The copy you give must match the listing below exactly and contain no pictures.

▬▬▬▬▬▬

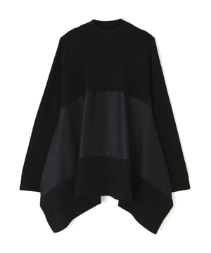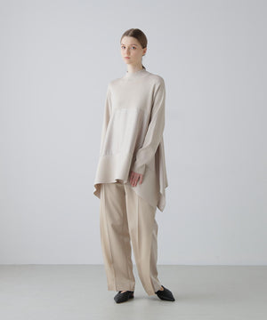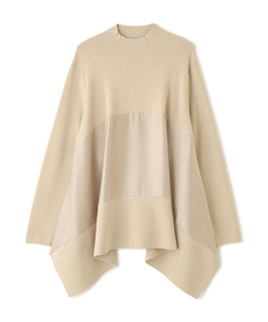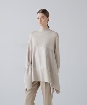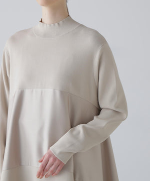 大胆な異素材切り替えがポイントのサテンコンビニット
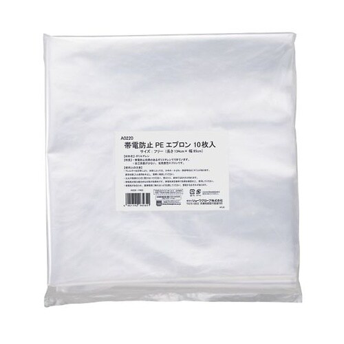 帯電防止効果のあるポリエチレン製のエプロンです。自己発塵が少ないため、低発塵性に優れています。 |
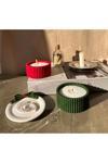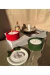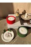 • Casa di Duck yılbaşı özel tasarımı: Kırmızı–yeşil renk paleti ve kurdele detaylı dekoratif tabak ile iki adet yılbaşı konseptli inci tozlu mum, yeni yıl ruhunu modern bir şıklıkla yansıtır.
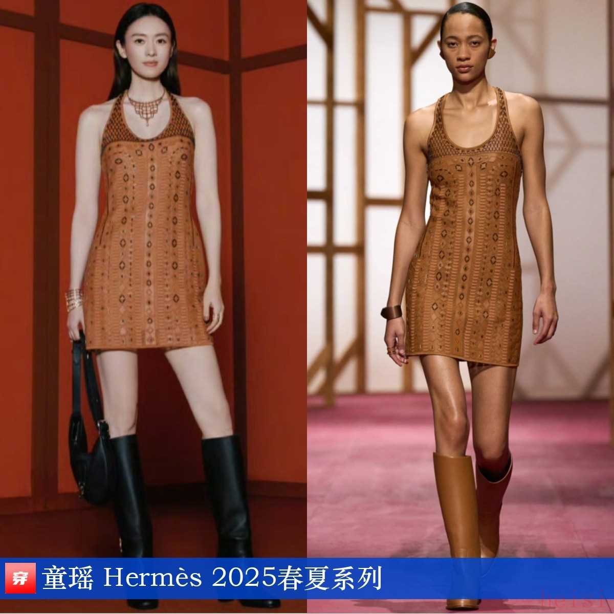 觀看Hermès 2025秋冬秀,童瑤穿了一套來(lái)自Hermès 2025春夏系列的深橙色提花拼接背心連衣裙。
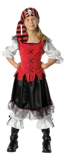 Costume includes lace-up vest with attached sleeves, skirt and pirate head scarf. (Bloomers and boot tops not included)
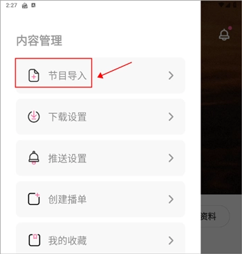 1、开启汽水儿app,进入“我的”界面,点击左上角的设置选项,接着点击“节目导入”。
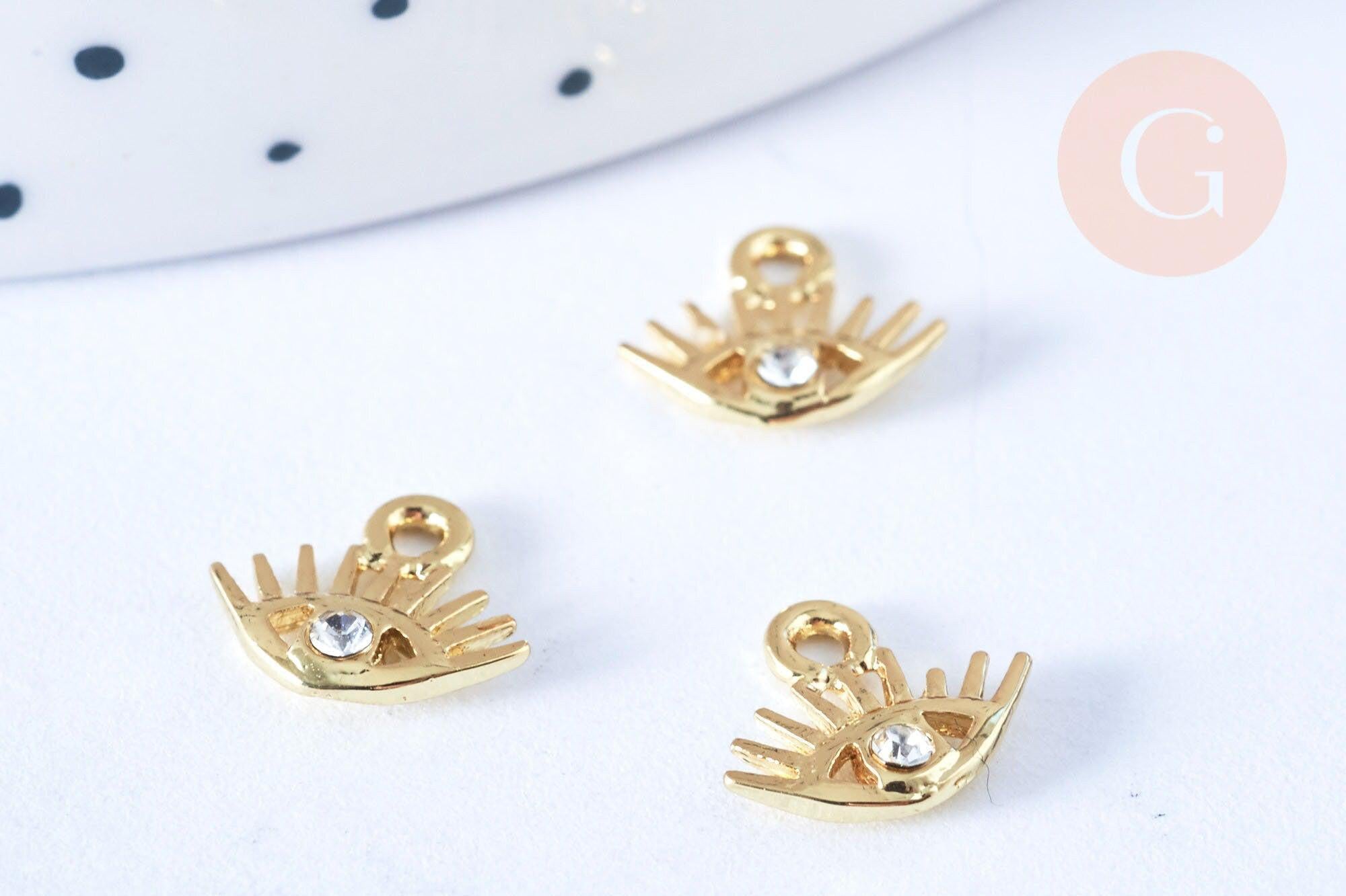 Breloque oeil protecteur zamac doré 18k cristal zircon 10mm, x1 (G5463)

▬▬▬▬▬▬

Answer area:
 大胆な異素材切り替えがポイントのサテンコンビニット
 帯電防止効果のあるポリエチレン製のエプロンです。自己発塵が少ないため、低発塵性に優れています。 |
 • Casa di Duck yılbaşı özel tasarımı: Kırmızı–yeşil renk paleti ve kurdele detaylı dekoratif tabak ile iki adet yılbaşı konseptli inci tozlu mum, yeni yıl ruhunu modern bir şıklıkla yansıtır.
 觀看Hermès 2025秋冬秀,童瑤穿了一套來(lái)自Hermès 2025春夏系列的深橙色提花拼接背心連衣裙。
 Costume includes lace-up vest with attached sleeves, skirt and pirate head scarf. (Bloomers and boot tops not included)
 1、开启汽水儿app,进入“我的”界面,点击左上角的设置选项,接着点击“节目导入”。
 Breloque oeil protecteur zamac doré 18k cristal zircon 10mm, x1 (G5463)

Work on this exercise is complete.